- _EXERCISE_:
Directions for the data below: repeat exactly the lines from the one with "據相關數據統(tǒng)計,目前,在我國" through the one with "Golden Line, туристическое", both included, and omit all pictures.

- _MATERIAL PROVIDED_:
-=-=-
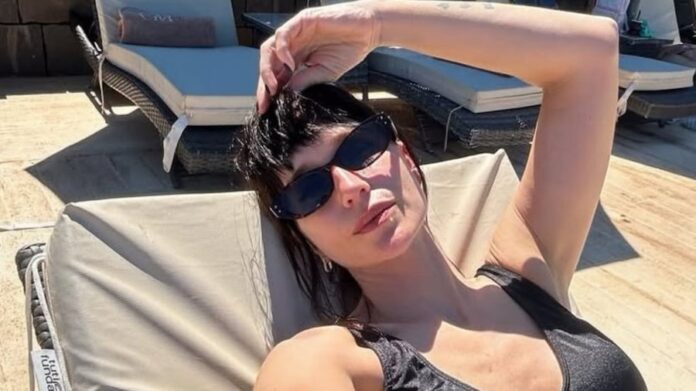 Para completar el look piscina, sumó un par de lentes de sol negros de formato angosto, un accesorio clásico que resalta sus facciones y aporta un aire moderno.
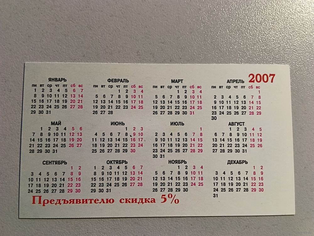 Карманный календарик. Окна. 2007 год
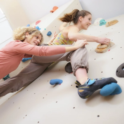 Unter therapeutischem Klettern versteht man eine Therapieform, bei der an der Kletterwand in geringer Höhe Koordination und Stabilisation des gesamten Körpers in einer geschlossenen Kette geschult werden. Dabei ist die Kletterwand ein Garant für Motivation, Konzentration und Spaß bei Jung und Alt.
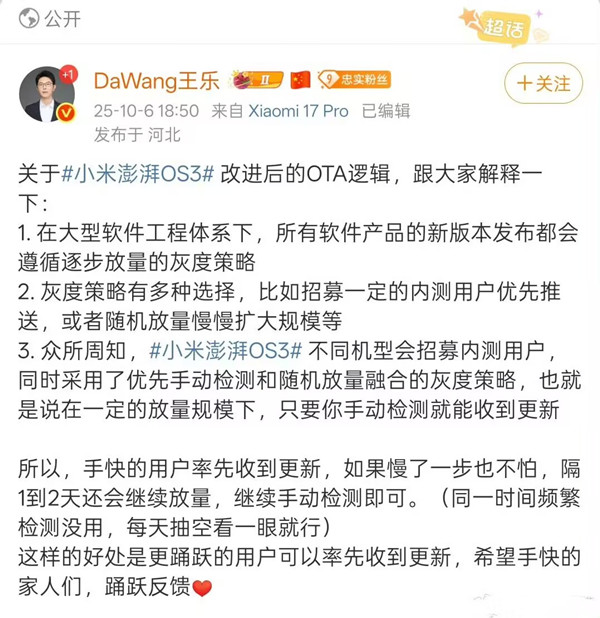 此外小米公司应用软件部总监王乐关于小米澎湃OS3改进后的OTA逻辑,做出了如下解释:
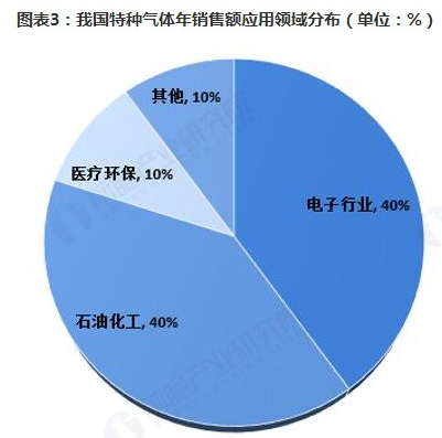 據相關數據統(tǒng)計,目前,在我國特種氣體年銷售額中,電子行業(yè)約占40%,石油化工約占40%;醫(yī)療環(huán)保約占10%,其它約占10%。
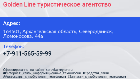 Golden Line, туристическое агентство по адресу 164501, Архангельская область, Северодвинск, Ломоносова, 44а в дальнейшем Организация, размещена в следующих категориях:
-=-=-
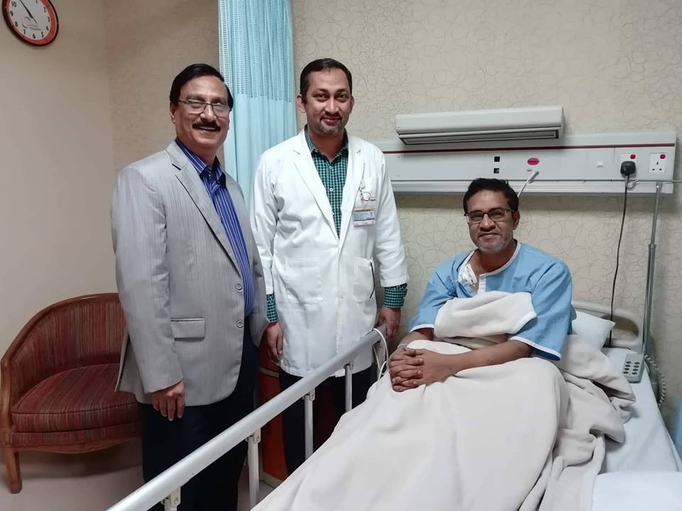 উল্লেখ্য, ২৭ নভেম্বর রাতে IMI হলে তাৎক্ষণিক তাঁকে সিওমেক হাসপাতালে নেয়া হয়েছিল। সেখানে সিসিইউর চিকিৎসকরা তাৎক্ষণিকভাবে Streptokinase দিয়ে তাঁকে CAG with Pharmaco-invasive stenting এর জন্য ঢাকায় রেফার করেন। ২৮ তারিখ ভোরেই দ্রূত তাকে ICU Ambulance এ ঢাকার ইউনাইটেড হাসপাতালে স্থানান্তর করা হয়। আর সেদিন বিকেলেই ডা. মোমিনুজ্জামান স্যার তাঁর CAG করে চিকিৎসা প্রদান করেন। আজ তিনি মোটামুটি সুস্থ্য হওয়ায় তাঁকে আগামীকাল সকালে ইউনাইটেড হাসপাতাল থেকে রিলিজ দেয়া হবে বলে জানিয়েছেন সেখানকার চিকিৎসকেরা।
-=-=-
- _REPLY TO THE TASK_:
 據相關數據統(tǒng)計,目前,在我國特種氣體年銷售額中,電子行業(yè)約占40%,石油化工約占40%;醫(yī)療環(huán)保約占10%,其它約占10%。
 Golden Line, туристическое агентство по адресу 164501, Архангельская область, Северодвинск, Ломоносова, 44а в дальнейшем Организация, размещена в следующих категориях:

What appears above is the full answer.